Searching a string and returning only things I specify

Hopefully this post goes better..
So I am stuck on this feature of this program that will return the whole word where a certain keyword is specified.
ie - If I tell it to look for the word "I=" in the string "blah blah blah blah I=1mV blah blah etc?", that it returns the whole word where it is found, so in this case, it would return I=1mV.
I have tried a bunch of different approaches, such as,
text = "One of the values, I=1mV is used"
print(re.split('I=', text))
However, this returns the same String without I in it, so it would return
['One of the values, ', '1mV is used']
If I try regex solutions, I run into the problem where the number could possibly be more then 1 digit, and so this bottom piece of code only works if the number is 1 digit. If I=10mV was that value, it would only return one, but if i have [/0-9] in twice, the code no longer works with only 1 value.
text = "One of the values, I=1mV is used"
print(re.findall("I=[/0-9]", text))
['I=1']
When I tried using re.match,
text = "One of the values, I=1mV is used"
print(re.search("I=", text))
<_sre.SRE_Match object at 0x02408BF0>
What is a good way to retrieve the word (In this case, I want to retrieve I=1mV) and cut out the rest of the string?
A better way would be to split the text into words first:
>>> text = "One of the values, I=1mV is used"
>>> words = text.split()
>>> words
['One', 'of', 'the', 'values,', 'I=1mV', 'is', 'used']
And then filter the words to find the one you need:
>>> [w for w in words if 'I=' in w]
['I=1mV']
This returns a list of all words with I= in them.

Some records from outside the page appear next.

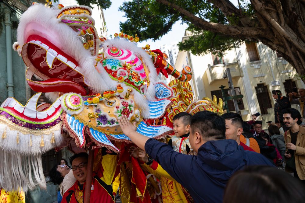 1月29日,舞龙队伍在澳门风顺堂区与市民互动。新华社发(张金加摄)
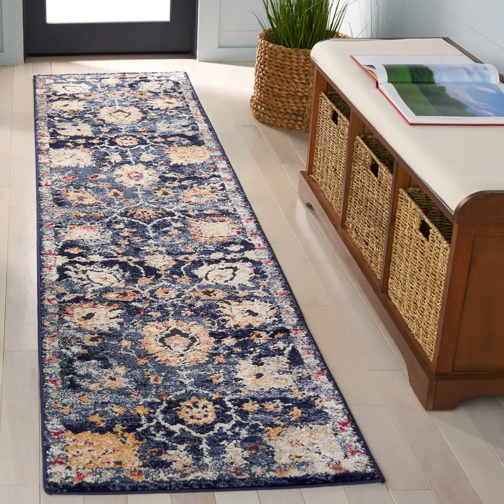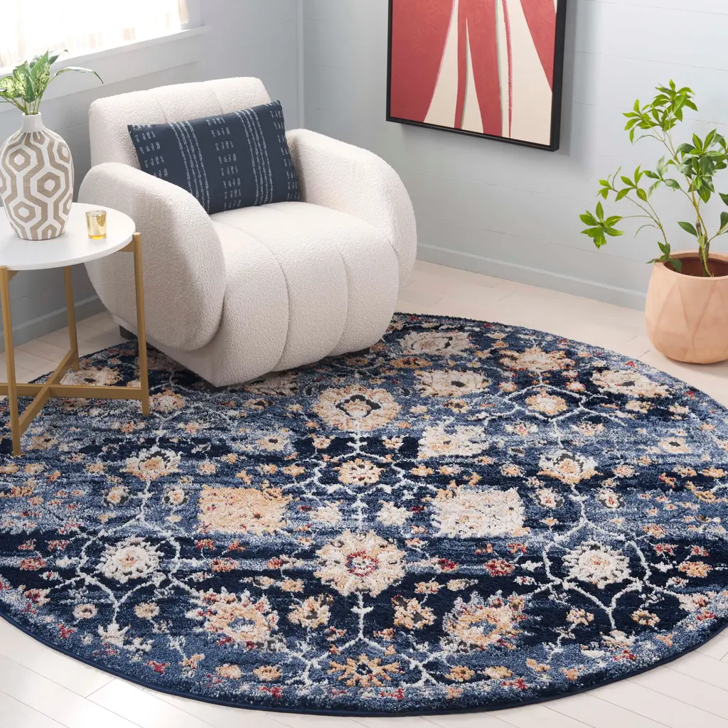Safavieh Luna Grima Traditional Rug - 6'7" Square - Navy/blue - Square
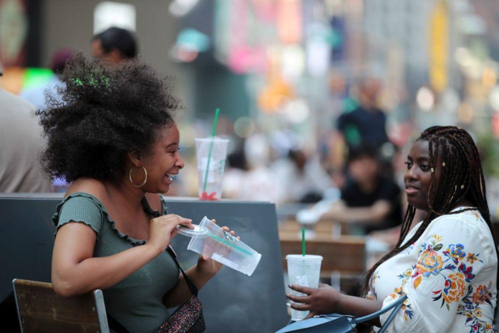 2018年7月2日,在美國紐約市時報廣場,人們喝水休息。(新華社記者王迎攝)

We can then just take the first element found:
>>> [w for w in words if 'I=' in w][0]
'I=1mV'
Done! What we can do to clean this up a bit is to just look for the first match, rather then checking every word. We can use a generator expression for that:
>>> next(w for w in words if 'I=' in w)
'I=1mV'
Of course you could adapt the if condition to fit your needs better, you could for example use str.startswith() to check if the words starts with a certain string or re.match() to check if the word matches a pattern.
Using string methods
For the record, your attempt to split the string in two halves, using I= as the separator, was nearly correct. Instead of using str.split(), which discards the separator, you could have used str.partition(), which keeps it.
>>> my_text = "Loadflow current was I=30.63kA"
>>> my_text.partition("I=")
('Loadflow current was ', 'I=', '30.63kA')
Using regular expressions
A more flexible and robust solution is to use a regular expression:
>>> import re
>>> pattern = r"""
... I= # specific string "I="
... \s* # Possible whitespace
... -? # possible minus sign
... \s* # possible whitespace
... \d+ # at least one digit
... (\.\d+)? # possible decimal part
... """
>>> m = re.search(pattern, my_text, re.VERBOSE)
>>> m
<_sre.SRE_Match object at 0x044CCFA0>
>>> m.group()
'I=30.63'
This accounts for a lot more possibilities (negative numbers, integer or decimal numbers).
Note the use of:
Quantifiers to say how many of each thing you want.
a* - zero or more as
a+ - at least one a
a? - "optional" - one or zero as
Verbose regular expression (re.VERBOSE flag) with comments - much easier to understand the pattern above than the non-verbose equivalent, I=\s?-?\s?\d+(\.\d+).
Raw strings for regexp patterns, r"..." instead of plain strings "..." - means that literal backslashes don't have to be escaped. Not required here because our pattern doesn't use backslashes, but one day you'll need to match C:\Program Files\... and on that day you will need raw strings.
Exercises
Exercise 1: How do you extend this so that it can match the unit as well? And how do you extend this so that it can match the unit as either mA, A, or kA? Hint: "Alternation operator".
Exercise 2: How do you extend this so that it can match numbers in engineering notation, i.e. "1.00e3", or "-3.141e-4"?
import re
text = "One of the values, I=1mV is used"
l = (re.split('I=', text))
print str(l[1]).split(' ') [0]
if you have more than one I= do the above for each odd index in l sice 0 is the first one.
that is a good way since one can write "One of the values, I= 1mV is used"
and I guess you want to get that I is 1mv.
BTW I is current and its units are Ampers and not Volts :)
With your re.findall attempt you would want to add a + which means one or more.
Here are some examples:
import re
test = "This is a test with I=1mV, I=1.414mv, I=10mv and I=1.618mv."
result = re.findall(r'I=[\d\.]+m[vV]', test)
print(result)
test = "One of the values, I=1mV is used"
result = re.search(r'I=([\d\.]+m[vV])', test)
print(result.group(1))
The first print is: ['I=1mV', 'I=1.414mv', 'I=10mv', 'I=1.618mv']
I've grouped everything other than I= in the re.search example,
so the second print is: 1mV
incase you are interested in extracting that.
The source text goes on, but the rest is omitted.